[01]6月の主な動き

投稿日: Aug 08, 2015 9:26:29 AM

(1)倒産件数は依然として低水準

6月の倒産件数は860件(前月比14.7%増、前年同月比4.4%減)、負債額は1,270億4,400万円(前月比0.7%減、前年同月比33.9%減)で、倒産件数は2015年に入って2番目に高い水準となった。しかし、2013年8月以来、23か月連続で月次倒産件数が1,000件を割リ続けている。

負債額1千万円以上の倒産は824件(前月比13.8%増、前年同月比4.7%減)、負債額は1,268億6,100万円(前月比0.7%減、前年同月比33.9%減)であった。

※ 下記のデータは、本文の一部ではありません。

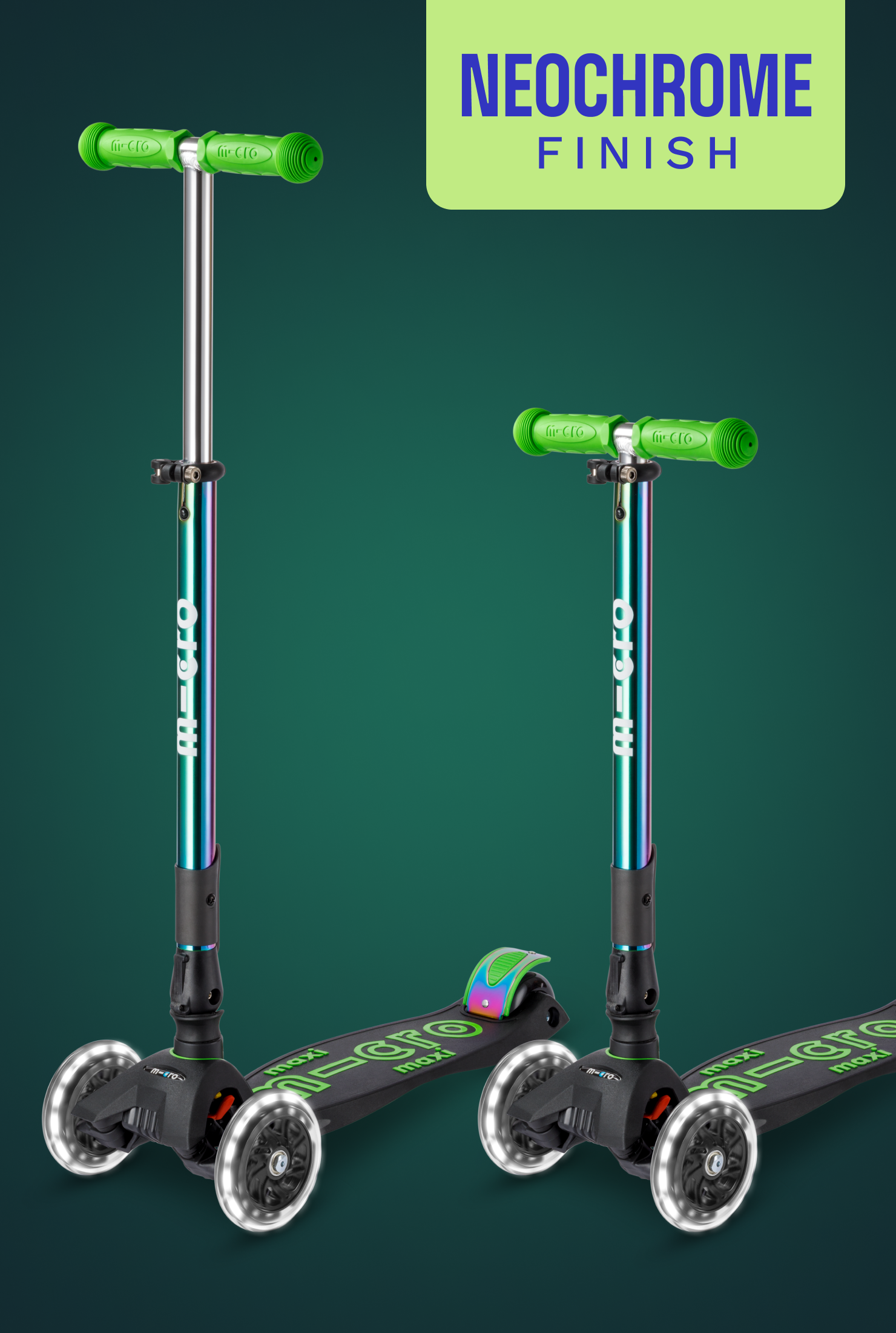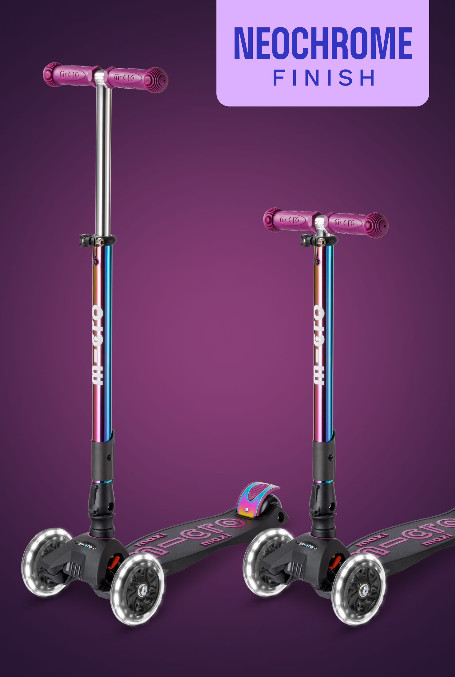 Meet the new, limited-edition Maxi that's already stealing the spotlight on school runs. The Micro Maxi Scooter has been named "Best Kids Scooter" by Parents and The New York Times Wirecutter year after year. Now, this award-winning favorite arrives in a limited-edition, reflective neochrome finish.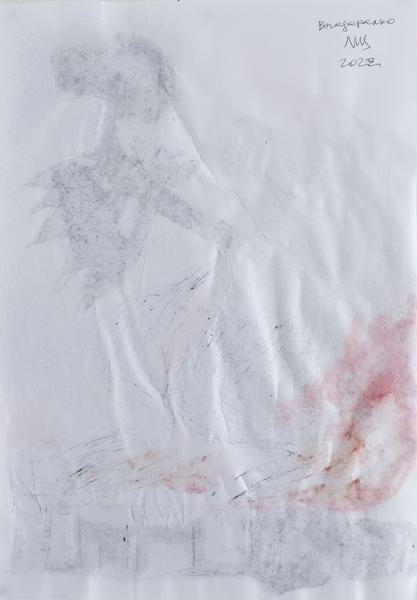 Language has a political nature. Additionally, language makes a person human. Resistance to the aggressor's onslaught can only be carried out by the human that speaks. Ukraine and the rest of the world are facing an evil that has not yet been appropriately named and therefore has not yet been punished. Following the methods of the Soviet Union, russia is constantly violating the dictionary because a Soviet person is not supposed to have their own words. They have been replaced by propaganda slogans that legitimize the inhuman and sadistic genocide of Ukrainians. Speaking one's own language is the artist's task. I create these drawings during the war because I do not want to be silent. (V. Ralko).

(2)小規模企業倒産の前年同月比減少続くも下げ幅は圧縮

小規模企業(商業・サービス業は従業員5人以下、製造業その他は20人以下)の倒産は758件(前月比18.8%増、前年同月比5.7%減)で月次倒産全体に占める割合は88.1%(前月比3.0ポイント上昇、前年同月比1.2ポイント低下)だった。

(3)「販売不振」増加で不況型倒産は構成比上昇

負債額1千万円以上の原因別倒産件数は「販売不振」587件が前月比で18.6%増、前年同月比で0.3%増と増加に転じ、「既往のシワ寄せ」101件(前月比1.0%減、前年同月比15.1%減)と「売掛金回収難」3件(同25.0%減、同横ばい)がいずれも低い水準となったものの、不況型倒産全体で691件(前月比15.0%増、前年同月比2.3%減)と前年同月比でわずかな減少となるにとどまった。これにより月次倒産に占める割合は83.9%(同0.9ポイント上昇、同2.2ポイント上昇)と増加した。

(4)不動産関連業種の倒産増加と「一般貨物自動車運送業」の減少傾向続く

業種別の集計では「製造業」「卸売業」「飲食業」で前年同月を上回った。とりわけ為替水準に左右されやすい業種の動きにには注視したい。

5月に続いて「その他」は前年同月比で減少。とくに「一般貨物自動車運送業」の33→11件(前年同月比66.7%減)という減少が目立つ一方、「不動産代理業・仲介業」では4→10件(同150.0%増)と増加傾向が続いている。